Пока на Невском в раскачку прогуливаются уцелевшие петербуржцы и их зачатый до революции приплод, новое племя ленинградцев уже совсем подросло в кольце рабочих окраин. Другие люди, крепкие, живучие и веселые, не могущие даже понять, откуда могло взяться этнографическое понятие «щуплый и унылый петербуржец»! Эти не щуплые и не унылые. Они занимаются спортом, плещутся летом в реке и зимой в огромном, прекрасно оборудованном профсоветском бассейне, они категорически отрицают даже старое, у всех крепко засевшее положение, что в Ленинграде плохой климат. Отличный климат! Целебный! Еще чего доброго, подобно киевлянам, возьмут да вдруг и объявят Ленинград всесоюзной здравницей. Все на свете меняется; вот скоро, увидев краснощекого парня, будут говорить: какой ленинградский цвет лица!
Это новые народы, воздвигая у себя на окраинах дворцы по своему, рабочему, фасону, наступают со всех сторон на Невский. Начинается второй захват центра города — уже не боевой, а культурный. В этом — единственное спасение и воскрешение умершего Невского.
В солнечный первомайский день главная улица возрождается, становится не Невским, не Нэпским, а в самом деле Проспектом 25 Октября, как она официально названа. Какое прекрасное, прямое и широкое русло для миллионных пролетарских демонстраций! Они текут не бурливыми узкими ручейками, как в московских переулках, а бесконечной плавной рекой, овеянной алыми парусами знамен.
Ряды домов, витрины и подъезды — они не мешают, молчат, не хотят вспоминать о прошлом, они протянулись ровными послушными берегами мощной людской реки.
И старый шпиль Адмиралтейства дружелюбно светит навстречу новым солнечным блеском, ведь и в его остриё неугомонный пролетарий впрыснул ленинскую «Правду». Вечером шумные карнавалы совсем по-южному веселятся у передвижных сцен на Исаакиевской площади, пестрые фейерверки пылают над черным зеркалом Невы. Рано одряхлевший город, основанный упрямой прихотью Петра, робко улыбается и мечтает послужить еще своими гранитными плечами для новой, невиданной, блистательной эпохи.
По поручению директора
— Дайте электричество, — нетерпеливо сказал инженер.
Дали электричество.
— Дайте металл!
Дали металл.
— Дайте топливо! Дайте дороги! Дайте химию! Дайте все!
Дали все. Большая карта засветилась огнями.
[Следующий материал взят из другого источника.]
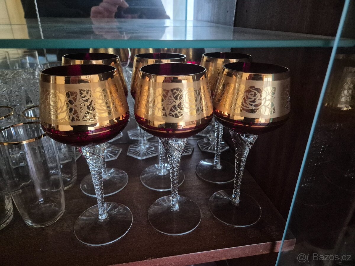 🥀 Sklenice mají sytou červenou barvu (tzv. rubínové sklo), bohatě zlacený dekor

Инженер улыбнулся. Он разыскал в куче бумаг письмо от директора и начал негромко читать его.
Письмо краткое, торопливо написанное, откровенное, рассчитанное на понимание с полуслова.
В письме были поручения. Указывались, хотя и приблизительно, цифры. Давались, хотя и осторожно, сроки. Энергичные выражения. Подхлестывающие восклицания, вплоть до упоминания черта. И в конце письма — просьба позвонить по телефону, сообщить, как идет дело с поручениями.
Старый инженер волновался, когда читал письмо директора. Он пробовал скрыть волнение, довести до конца свое инженерское спокойствие. Щегольнуть хладнокровием человека техники. У него это плохо получилось. Года не те. Голос дрогнул…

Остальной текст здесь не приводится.